My contract says that I have 15 days to make a cancellation request if I want to receive a full refund of any payments. Obviously I'm well beyond that date. And being out ~$250 isn't really a big deal for me. 

What I'm trying to determine is, if I follow the cancellation requirements, am I out the $250 and whatever else fees I have paid, or what happens with the down payment?

I just need a little advice, because it's not really clear to me at this point.

The *Purchaser Cancellation Rights* reads:


> Purchaser Cancellation Rights  RCW 64.36.150
> 
> As a prospective purchaser, you may, for seven days following execution of an agreement to purchase a timeshare, cancel the agreement and receive a refund of any consideration paid by providing written notice of the cancellation to the promotor or to the promotor's agent. If you did not receive the disclosure document, the agreement is voidable by the purchaser until the purchaser receives the document and for seven days thereafter.
> 
> ...



I haven't seen any documentation about cancellation fees or penalties, and I'm definitely beyond my 7 days. What are the penalties for canceling after the 7 days? I can't find that info anywhere...

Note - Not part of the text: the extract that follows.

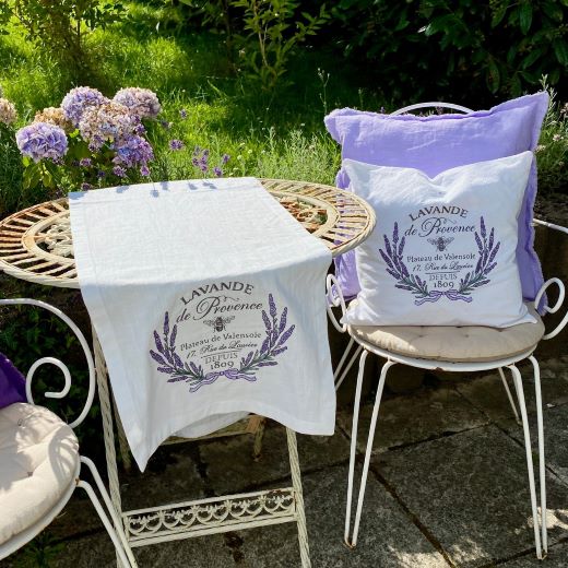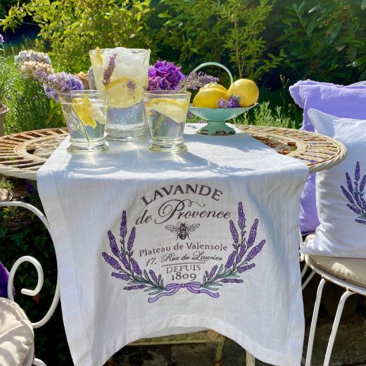Für ein harmonisches Gesamtbild passt dieser Läufer wunderbar zu den Leinenservietten mit Lavendelstickerei oder zu schlichten Servietten in Lavendelfarben.

I have a written note saying:


> To whom it may concern,
> I [name], member#: [member#], am writing to inform you of a notice of cancellation of my membership as of this date: [date]
> 
> [name]
> ...



Is this sufficient? Can someone tell me what to expect? Sorry for the long post. I'm feeling worried....


----------



## DeniseM (Jun 30, 2015)

The penalty is that they will not accept your cancellation - it's simply too late to cancel.

At this point, you need to figure out how to best manage what you bought.  If you financed with Wyndham, I'd start by looking for different financing at a lower interest rate.


----------



## presley (Jun 30, 2015)

Since you are past the date of cancellation, they can demand that you pay and show a default on your credit report. If you don't pay again, they will probably go after you with a collection agency. Can they make you pay? I don't think so. You'll have to deal with the credit hit, but I don't think they can garnish wages or anything like that.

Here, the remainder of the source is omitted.